Monday, April 19, 2004

Logistics crisis in Iraq - and the negotiations

More and more reports suggest that the Coalition and specifically the US Army and Marines in Iraq are having serious difficulties keeping open the roads. This was no doubt behind the announcement that several major highways would be closed to civilian traffic, despite the rather pathetic attempt to spin this as "repairs". After all, by the time they got to the line about repairs they had already declared that any "civilians that attempt to drive on these roads may be "considered anti-coalition forces"", or to put it another way, shot. (link to Back to Iraq) The New York Times reports above that
"But a senior American official said Saturday that the cutoff in supplies reaching the American occupation authority's headquarters in Saddam Hussein's former Republican Palace in central Baghdad were approaching a critical point. Canteens feeding 2,000 people, civilians as well as military personnel, may soon be forced to serve combat rations in plastic sleeves, known as meals ready to eat."

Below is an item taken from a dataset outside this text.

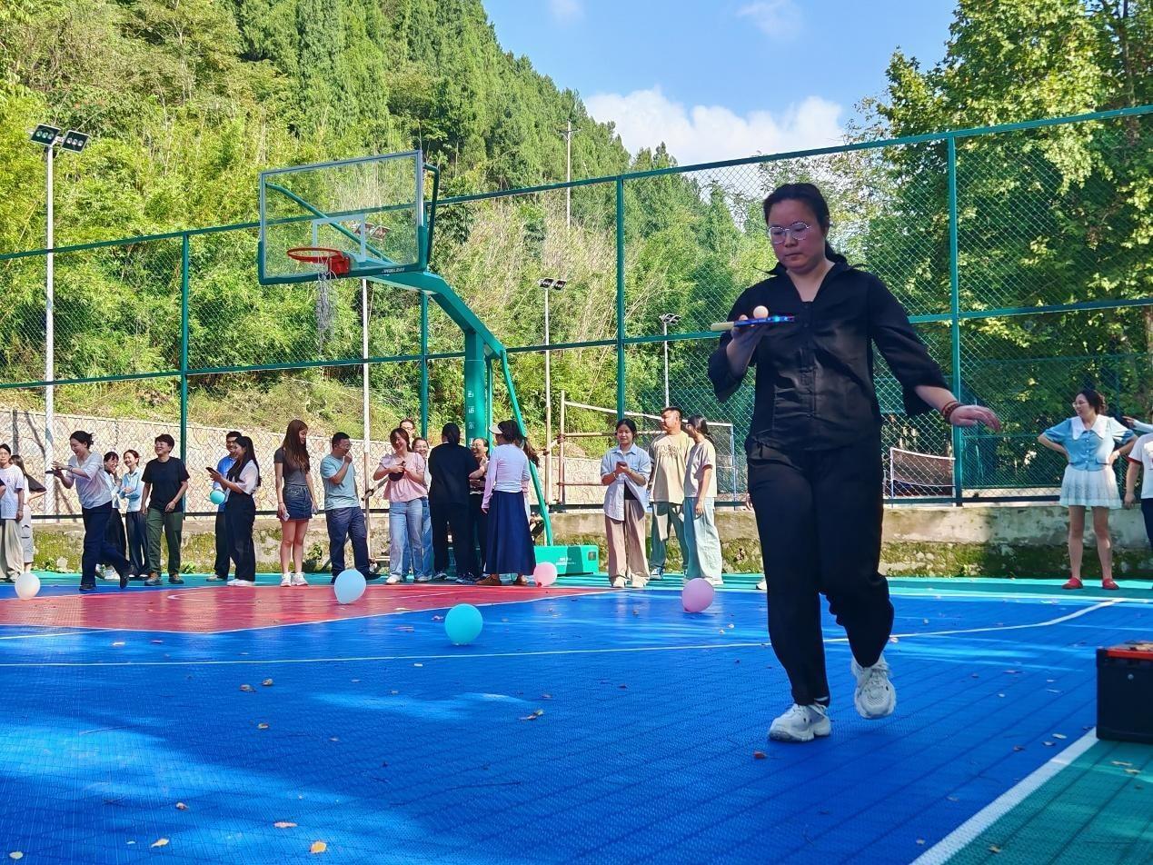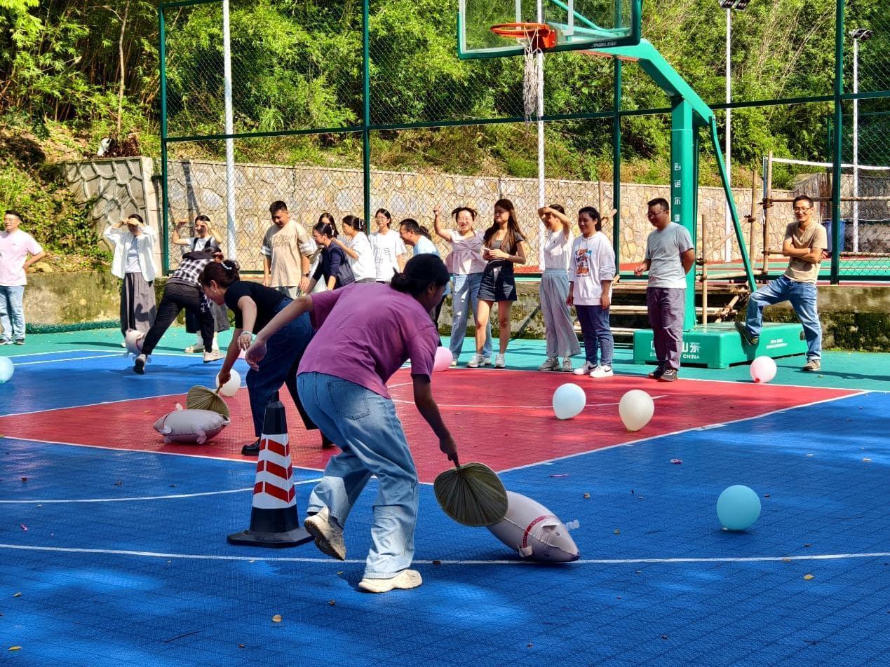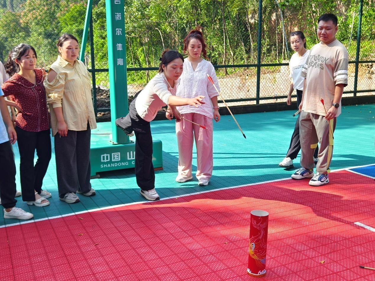 分组竞技环节亮点纷呈。“赶猪”接力考验手眼协调与反应速度,展现教师们的灵动应变;“投壶”竞技融合传统韵味与精准把控,彰显专注品格;“乒乓球接力”聚焦平衡掌控与团队配合,锤炼协作意识;“你划我猜”依托肢体与语言互动比拼默契,现场氛围热烈融洽。老师们积极参与,相互沟通协作,增进了老师们的互动与了解。

Horrors! The spooks, spin doctors and staffies of the Green Zone reduced to eating the rations of the troops. No more turkeys, plastic or otherwise, if the main supply route closes... Reuters further reports that bridges have been blown between Baghdad and Hilla on the main road south, and the Washington Post reports that, even paying $700 per trip, Kellogg, Brown and Root are unable to hire Iraqi drivers. This is not good. Perhaps, though, there might be some positives. I wonder what influence the emerging logistics crisis has had on the negotiations outside Fallujah and Najaf - perhaps these have been given a chance due to the army's troubles?